United Airlines warned employees for months that mass layoffs loomed if travel didn't rebound, and the airline put a grim face on the expected tally Wednesday.
In
a memo to employees, the Chicago-based airline said 36,000 employees,
or 45% of its front-line workers in the USA and more than a third of its overall workforce of 95,000, face layoffs on or around Oct. 1. The most
affected groups: flight attendants and airport customer service and
gate agents, which account for 26,000 of the 36,000.
The airline calls them involuntary furloughs because most of the affected
employees will be eligible to be recalled when travel demand returns
under terms of their union contracts.
Airlines are prohibited from laying off workers until Oct. 1 under the payroll protection provisions of the federal Coronavirus Aid, Relief and Economic Security Act.
United received a $3.5 billion grant and $1.5
billion loans for payroll protection. The program was designed to
stabilize airlines and keep workers employed until they could shrink
their businesses to the travel reality brought on by the coronavirus
pandemic.
United executives said in a briefing with reporters that they hope the final tally, which will be known in mid- to late August, will be less than 36,000 as more employees accept voluntary exit programs. The airline extended the application window for its voluntary separation program to July 15 to encourage more employees to sign up. The 36,000 does not include 1,400 previously announced layoffs of management and administrative employees.
"After months of aggressive cost-cutting and proactive capital-raising, today we updated employees about a topic we’ve always dreaded and the action that was always the last resort in the
context of this COVID-19 pandemic: involuntary furloughs," the statement began.
It continued, "The reality is
that United simply cannot continue at our current payroll level past
October 1 in an environment where travel demand is so depressed. And
involuntary furloughs come as a last resort, after months of
company-wide cost-cutting and capital-raising."
The airline had to put a number on the cuts because of federal requirements to warn employees about mass layoffs.

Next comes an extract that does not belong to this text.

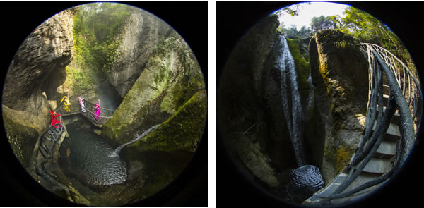走在吊橋中間,必須保持自身的平衡方能安全通過,不然就會在吊橋上搖擺不定。走出仙女峽谷,往下看,深不見底,七潭七瀑在奇險(xiǎn)之中不乏壯觀,這里曾發(fā)生過跳潭救女的故事。
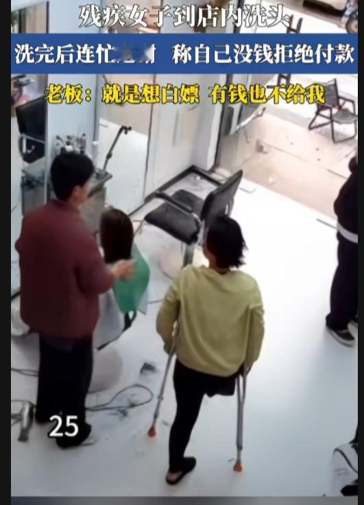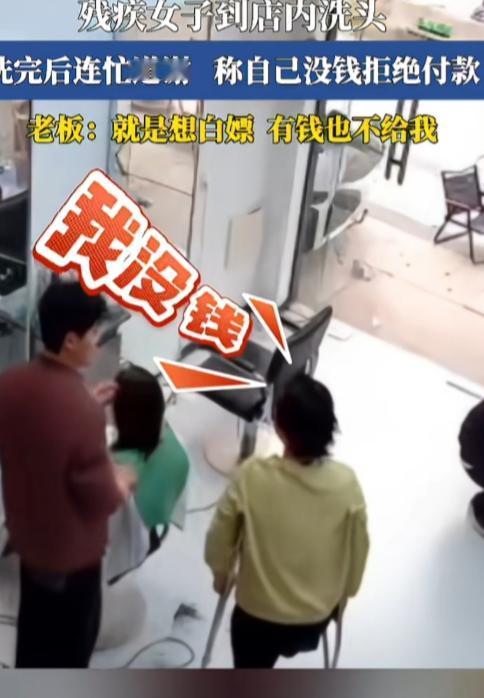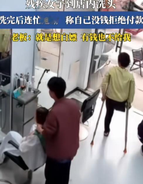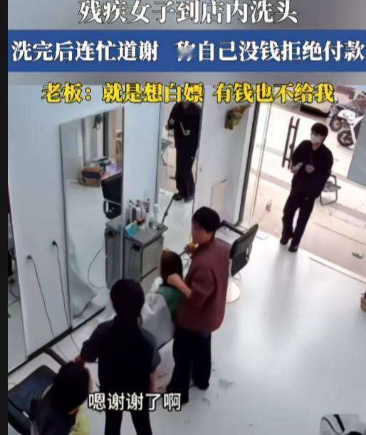 湖北,一残疾女子到店洗头,洗完后连忙道谢,称自己没钱拒绝付款。这行为,正如老板所说,“就是想白嫖,有钱也不给我。”

United's flight attendant, pilot union leaders react
Sara Nelson, president
of the Association of Flight Attendants-CWA, which represents United
flight attendants called the numbers a "gut punch" but praised United
for offering a realistic outlook.
"COVID-19 is
an unprecedented threat to aviation workers and the entire U.S. aviation industry," she said in a statement. "This crisis dwarfs all others in aviation history and there's no end in sight. Demand was just barely
climbing back to 20% of last year and even those minimal gains
evaporated over the last week due to surging COVID-19 cases across the
country."
Her union called for a six-month extension of payroll protection
for the aviation industry, given the dire straits, but United officials
said they can't count on more help from Washington, especially in an
election year.
Ken Diaz,
president of the United Master Executive Council of the AFA, called the
projected number of flight attendant cuts "overreaching, excessive and
punitive'' in an email to flight attendants.
"It
is not commensurate to United’s peers in our industry or with other
workgroups on the property, nor realistic with the anticipated staffing
we will require to adapt and grow our airline back in the months to
come,'' Diaz said.
He suggested United issued
eye-popping potential layoff numbers in a bid to scare flight attendants
and others affected workers into accepting early retirement, extended
unpaid leave and other voluntary programs.
"The
number United has given us is staggering, but make no mistake, it is my
opinion the number is so high to create panic and erode our resolve to
think smart and make good decisions,'' Diaz said.
He said the union will work to "uncover every stone'' in its bid to cut the number of layoffs.
"We will reduce
this number and we will not rest until we have done every single thing
in our power to avoid even one involuntary furlough,'' Diaz said.
United said it could lay off up to 2,250 pilots as part of the 36,000 layoffs. Capt. Todd Insler,
chairman of the United chapter of the Air Line Pilots Association, said
in a statement that the union hopes to reduce that figure with a
voluntary early retirement program under negotiation with the company.
"Furloughing employees is corporate triage with a
terrible impact on thousands of United families,'' the statement said.
"ALPA is doing everything we can to support our fellow pilots, and we
expect to have agreement on several voluntary programs which will
mitigate these furloughs.''
United is not alone
The coronavirus crisis crushed airlines, and the forecast for recovery has weakened during a surge in cases and new quarantines in states trying to keep out visitors from hot spots.
Airlines
for America, the industry trade group said passenger traffic won't rebound to 2019 levels before 2023. Industry revenue, which is tied to ticket prices, will take even longer to recover, the group said.
Tuesday, United said in a securities filing that a surge in coronavirus infections in several states and traveler quarantines issued by New York, New Jersey, Connecticut, and Chicago weakened travel demand – so much so that it pared back August flights it announced a week ago.
United is far from alone in sounding layoff alarms. American Airlines CEO Doug Parker said the airline will have "more employees than it has work for" in the fall if the business doesn't improve, and Southwest Airlines CEO Gary Kelly told employees in a video this year that it will be a "drastically smaller'' airline if travel doesn't rebound by the summer.